For Swarm/MicroFish-style production pressure, prefer one targeted phase first:

```bash
npm run eval:swarm-phase2
```

Only escalate to a full replay after static, micro, local-RAG, and targeted phase checks are clean.

These flows produce artifacts under `quality/`, including packet checks, deterministic map checks, judge JSON, transcripts, replay reports, and outcome judge results.

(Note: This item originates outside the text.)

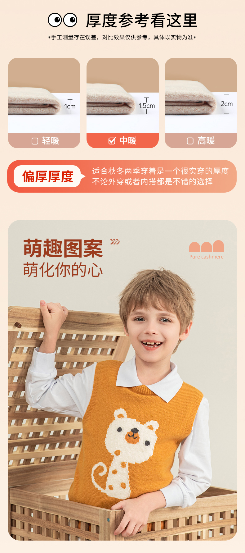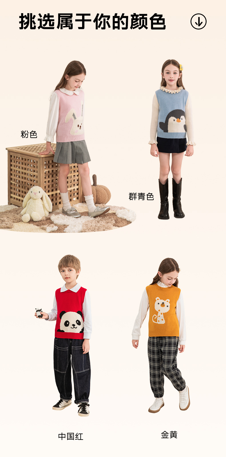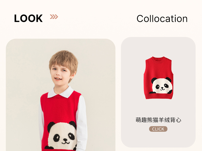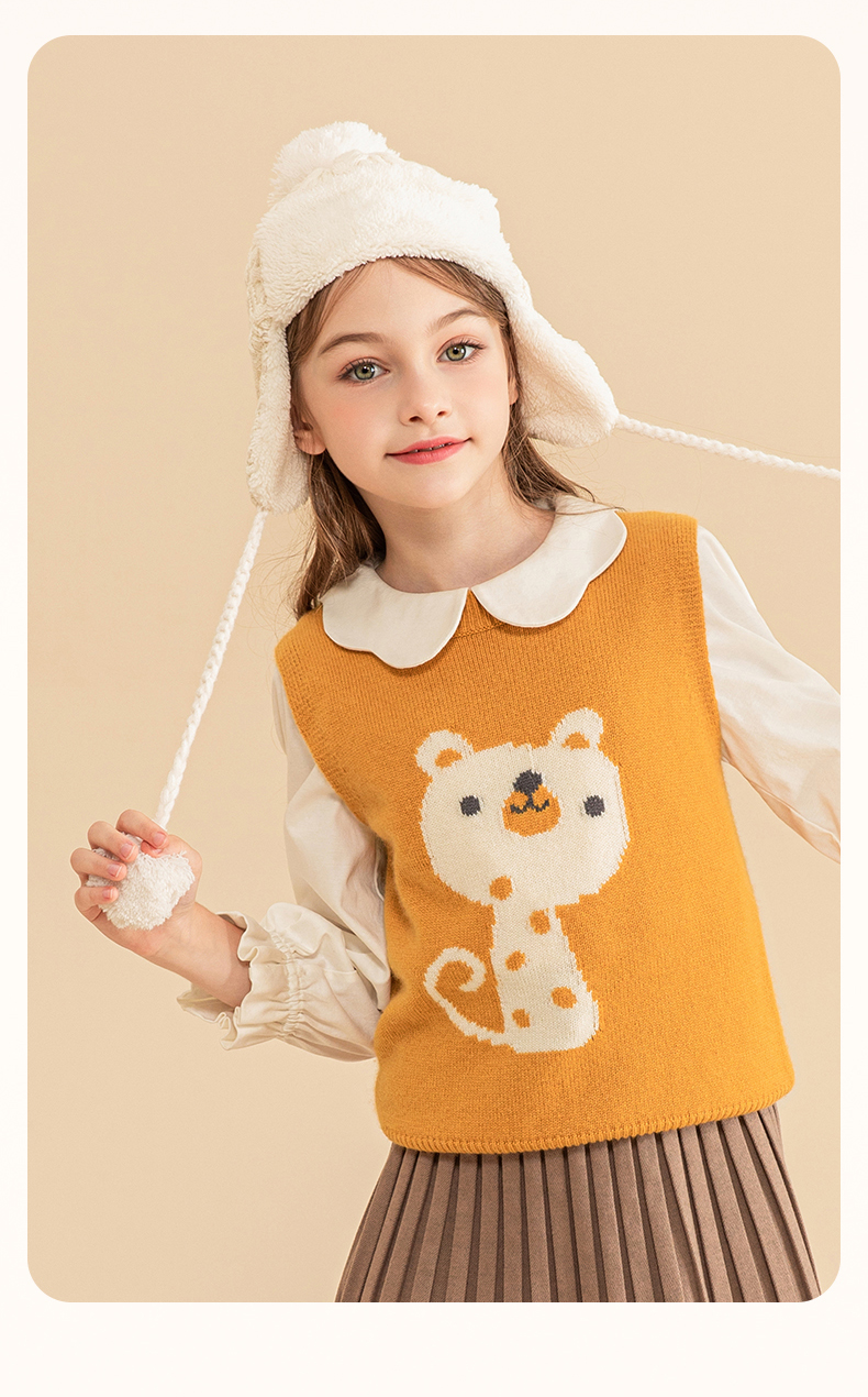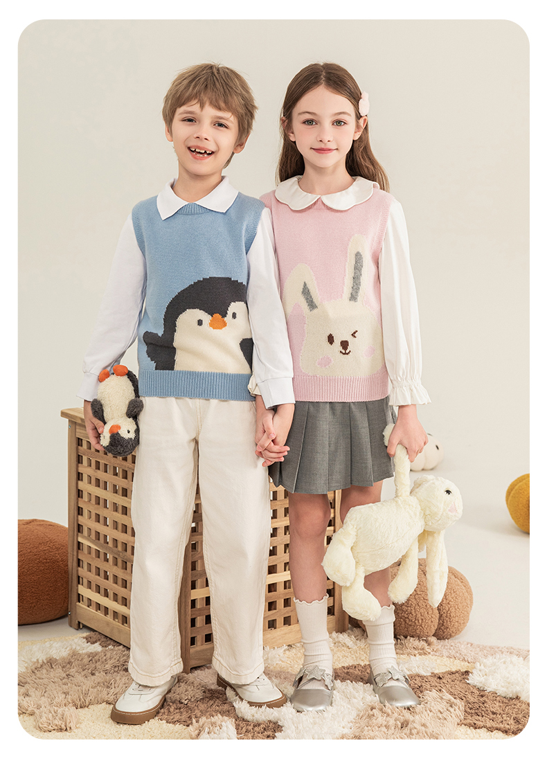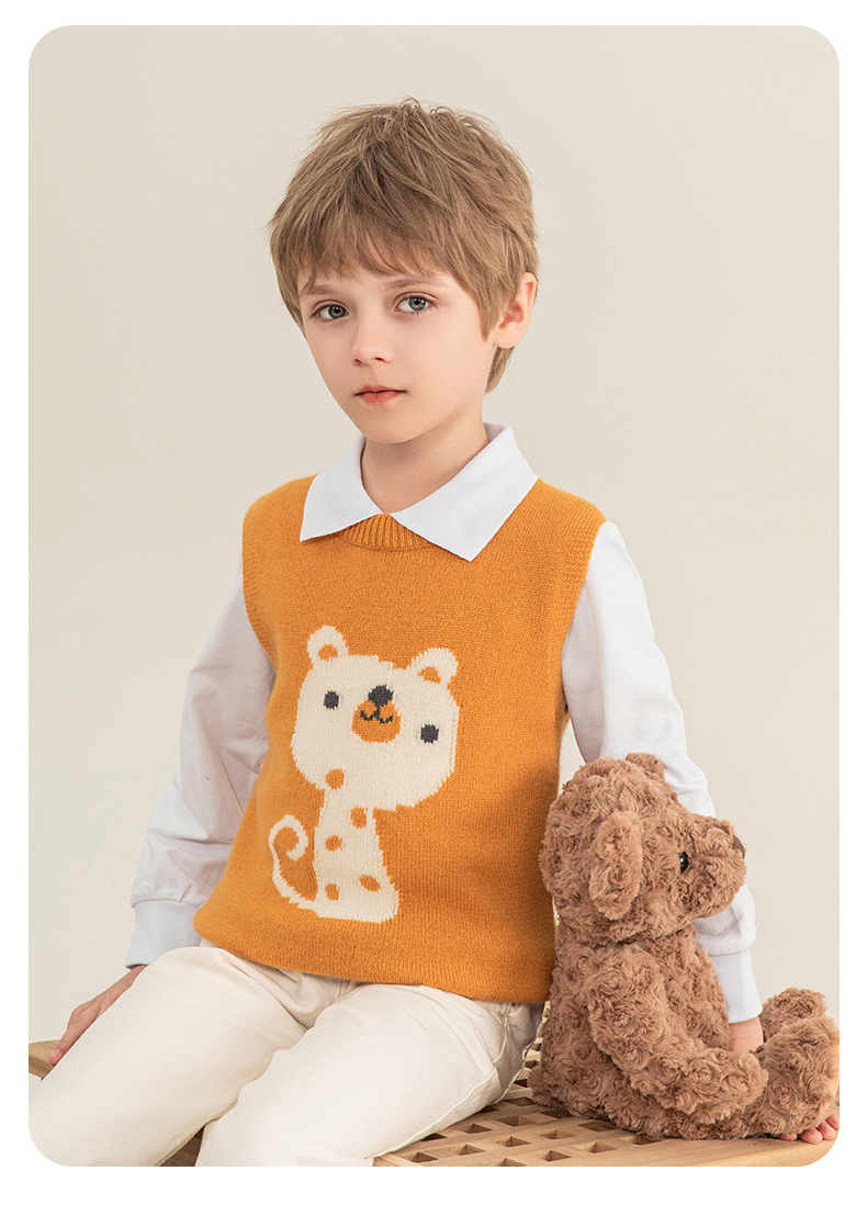 mettekids儿童羊绒背心2023秋季熊猫图案男童针织马甲女童毛衣

## Website / Publication Prompt Gate

After changing `publication.json`, prompts, package files, or public copy, verify both source and website paths:

```bash
npm run check:publication
cd /root/AGB-website
BUILDPRINTS_SOURCE=/root/blueprint/buildprints npm run check:buildprints
BUILDPRINTS_SOURCE=/root/blueprint/buildprints npm run build
npm run check:codex-drift
```

For executable packets, `copyPrompt` must bootstrap exact snapshots before naming packet files:

```text
First bootstrap exact snapshots: agb start https://agent-buildprint.com/buildprints/<slug>/package.json .
Then read .buildprint/next-agent.md and continue.
Do not write Buildprint snapshots manually.
```

## Completion Evidence

When reporting done, include:

- commit hash if pushed;
- exact gates run;
- pass/fail status;
- important artifacts, e.g. `quality/mapper-eval-report.json`, `quality/mapper-replay-report.json`, flow judge JSON;
- skipped gates and why;
- known blockers or proof gaps.

Do not claim Mapper OS behavior is fixed from a single static check if replay, publication, or live package behavior could still contradict it.